The Minimum Rectangles to Cover Points problem provides a list of 2D points and a fixed rectangle width W. You need to place axis-aligned rectangles of width W (and any height) to cover all points, minimizing the number of rectangles used. Rectangles can be placed anywhere, but each must cover points within a horizontal span of W. This Minimum Rectangles to Cover Points interview question is a greedy interval-covering problem.
Microsoft asks this to evaluate greedy strategy design for geometric coverage problems. The ability to simplify a 2D placement problem by focusing on one dimension (x-coordinates) while the other is unconstrained (y-coordinate) shows strong problem decomposition.

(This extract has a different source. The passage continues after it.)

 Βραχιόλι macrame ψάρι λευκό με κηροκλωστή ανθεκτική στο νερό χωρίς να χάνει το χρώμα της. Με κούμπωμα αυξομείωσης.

The array, sorting, and greedy interview pattern applies elegantly here.
The key insight is that y-coordinates are irrelevant — since rectangles have unlimited height, a single rectangle can cover all points sharing a similar x-range. Sort all points by x-coordinate. Greedily place a rectangle starting at the leftmost uncovered point, extending it W units to the right, covering all points within [x, x + W]. Then move to the next uncovered point and repeat. Count total rectangles placed.
Points: [(1,2), (3,5), (6,1), (8,3), (10,4)], W = 4.

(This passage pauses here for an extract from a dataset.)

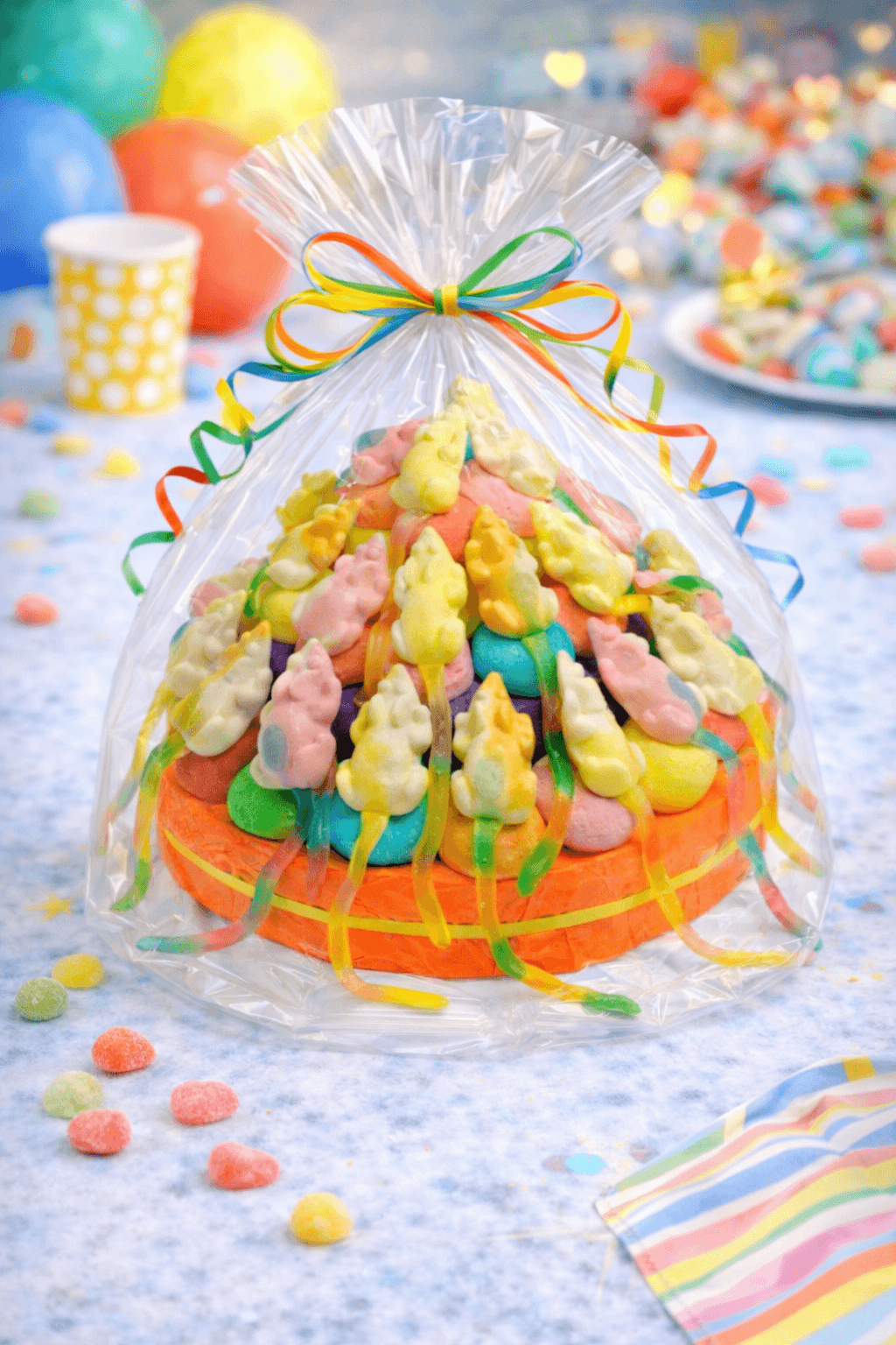 Ontdek een betoverende traktatie vol kleur en zoetheid met onze snoeptaart gekleurde snoepmuizen! Deze unieke lekkernij zal niet alleen de harten van snoepliefhebbers veroveren, maar ook een vleugje vrolijkheid toevoegen aan elke feestelijke gelegenheid. Laat je verleiden door de zoete en speelse smaken van deze schattige snoepmuizen.

When a 2D geometry problem has unconstrained movement in one axis, always look to reduce it to a 1D problem. Sorting by the constrained dimension and applying a greedy sweep is a powerful pattern that appears in interval scheduling, painting, and coverage problems. Practice by solving interval covering and merging problems — they build the same intuition needed for Minimum Rectangles to Cover Points.